みどり病院の透析室はなぜドライウェイトに厳しいか?

20151225_nursing-dialysis_01
「今日は何kg増えてきた?」
「今日は2日空きで増えてきたから残してな」
「え~!?週末までにドライウェイトにしましょうね」
といった会話が朝一番、穿刺前にスタッフと患者さんの間で交わされます。
このよく聞かれる「ドライウェイト」とは何でしょう?

「ドライウェイト」とは、透析患者さんにとっての基本となる体重の事です。
透析をされている方は、腎臓が働かなくなってしまい「おしっこ」が出ません。
そのため、「おしっこ」で出るはずの水分や毒素を外に出す事が出来ずその結果、行き場を失った水分は体のあらゆる場所に溜まっていき、全身が浮腫んでいきます。
当然ではありますが心臓や肺にも影響します。
いわゆる心不全の状態です。
心臓はゴム風船のように大きくなり肺うっ血や肺水腫を起こすため呼吸困難となります。
現在、心不全は透析患者さんの死因の第1位です。

心臓という臓器は、一度大きくなってしまうとなかなか元の状態に戻らないゴム風船のような臓器です。
ゴム風船は一度大きく膨らませた後にしぼませると、びろんびろんに伸びてしまい、元に戻らずしまりのない状態になってしまいます。
また、一度膨らますと、次からは膨らみやすくなります。
これと同じような事が心臓でもおきてしまいます。
心臓も一度大きくなってしまうと、なかなか元に戻りませんし、負荷がかかるとすぐに大きくなり心不全になりやすくなります。
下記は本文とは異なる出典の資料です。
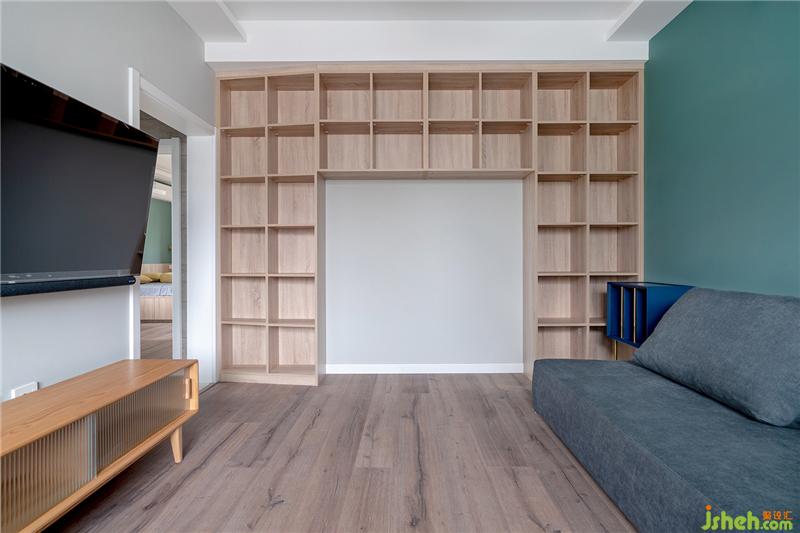 客廳區(qū)域利用埡口與墻之間的距離做了整面墻的定制柜開放格,可容納孩子大量的書籍,也可展示一些收藏,具有很強(qiáng)實(shí)用性。地面鋪貼了略帶結(jié)疤的實(shí)木地板,地板呈現(xiàn)出原始的紋理與顏色,體現(xiàn)出自然之美。

という訳で、心臓を大きくしないために患者さん一人一人に合った適正な「ドライウェイト」を2回/月の採血・胸のレントゲン・心電図から設定し、日々の体重コントロールを行っております。
時には、患者さんに厳しい!といわれ衝突する事もありますが、スタッフにとって家族のように思う大切な患者さんを、透析患者さんの死因第1位である心不全から守るためにということを理解して頂くまでスタッフが丁寧に説明し、週末までに「ドライウェイト」を厳守出来るよう患者さんと一丸となって日々がんばっています。